Through just three problems, you should be familiar with three special
machine learning problems: binary classification, multi-classification, and regression problems.
However, these problems belong to the category of supervised learning. In the field of
machine learning, supervised learning is only the tip of the iceberg. We usually divide
machine learning into four categories:
Supervised learning, recent image recognition, speech recognition, etc. are all focused on this.
Unsupervised learning, that does not require any labels, can be used for data visualization, data compression, data denoising, or simply to better understand the representation of the data at hand. Unsupervised learning is the "bread and butter" basis of data analysis. It is necessary to use it before supervised learning. "Dimensionality reduction" and "clustering" are well-known types of unsupervised learning.
Self-supervised learning, this is actually a special case of supervised learning, but it is sufficiently different that it can be divided into a single category. Self-supervised learning is supervised learning without human labels. However, it still has some labels. After all, some things need to be supervised in the learning process, but they are generated by certain heuristic algorithms through the input data itself. You can think of this as unattended supervised learning, such as self-encoders. Note that these categories are actually very vague.
Reinforcement learning. Recently, this field has attracted much attention, and it is Google's deepmind that successfully let computers play Atari games. The mechanism searches on its own. At present, it has not found any other significant applications except for the game field. It will play a major role in autonomous driving, robots, resource management, and education in the future.
In this book, we will mainly focus on supervised learning because it is currently the mainstream, and we will look at self-supervised learning in later chapters.
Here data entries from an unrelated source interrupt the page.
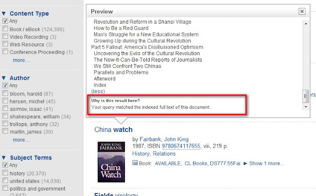 Another issue specific to Summon is while it tells you that a result is obtained due to a match in the full-text, you can't quite verify it easily since unlike Google books it doesn't have a "snipplet view" to see the words in context.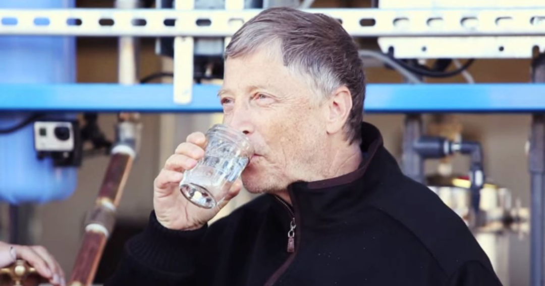 大家看到這張照片是不是很熟悉。這是誰,你們都知道對吧。這是2018年,比爾·蓋茨正在北京召開的新時代廁所博覽會的開幕式上做一個主題演講,他手里拿了個杯子。
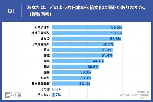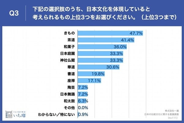 きもの着方教室 いち瑠(https://ichiru.net/)を展開する、株式会社一蔵(本社:東京都千代田区、代表取締役社長:河端義彦)は、日本文化に興味のある女性111名を対象に、日本の伝統文化に関する意識調査を実施いたしましたので、お知らせいたします。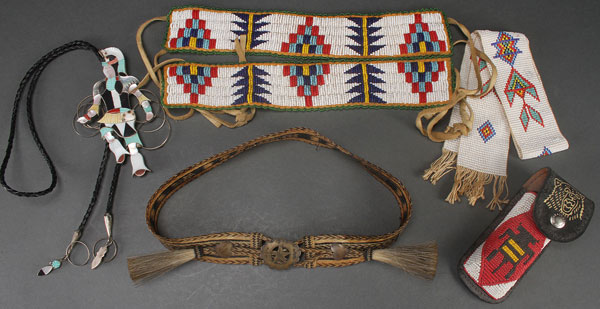 A NATIVE AMERICAN DECORATIVE ARTS GROUP, EARLY TO MID-20TH CENTURY. Comprising a very fine woven horse hair hat band, a pair of beaded deer skin arm bands, an Arapaho beaded strip, an inlayed silver hoop dance figure bolo, and a beaded knife case.

Although most of supervised learning consists of classification and regression problems, there are some other variants:
Sequence generation, for example, for a picture, we generate text to describe it. Sequence generation can reshape some classification problems, such as predicting words repeatedly or putting in sentences.
Syntax tree prediction (for a sentence, predict its decomposition in the syntax tree).
Object recognition: Given a picture, draw a frame to frame the specified object. This can be expressed as a classification problem (give many frames, and classify the content in each.) or as classification and regression Consortium of problems.
Image segmentation: Given a picture, draw the pixel level mask of a specific object.
Classification and regression glossary
Classification and regression contain a lot of professional terms. In the previous examples, you should have seen them. In the following chapters, you will see more. They all have accurate definitions within the scope of machine learning. You should be familiar with them. :
sample or input, sample or input: a data point into your model
prediction or output, prediction or output: what goes out of your model
target, target: correct. Your model should ideally predict data from some additional sources.
prediction error or loss value, prediction error or loss value: used to measure the distance between your prediction and the target.
Classes, category: The set of possible labels is used to select in the classification problem, for example, when the cat and dog images are classified, the two animals belong to two categories.
label, label: do not go into details.
ground-truth, or annotations, correct labeling: artificial labeling of the correct label.
Binary classification: A task that divides each sample into different types.
multi-class classification, a large number of classifications: the type of points is greater than 2
Multi-label classification, multi-label classification: classification problem can get many labels, for example, a picture of a cat and dog at the same time, then the label is given to both cat and dog.
Scalar regression, scalar regression: The target is a continuous scalar value, and the house price prediction is just a good example: different prices form a continuous space.
vector regression, vector regression: the goal is a series of continuous values, such as a vector. If you are doing regression of multiple values, you are actually doing vector regression.
mini-batch or batch: some small samples to be processed soon. A power of 2 in the GPU is more efficient. During training, one mini-batch can update the weight once.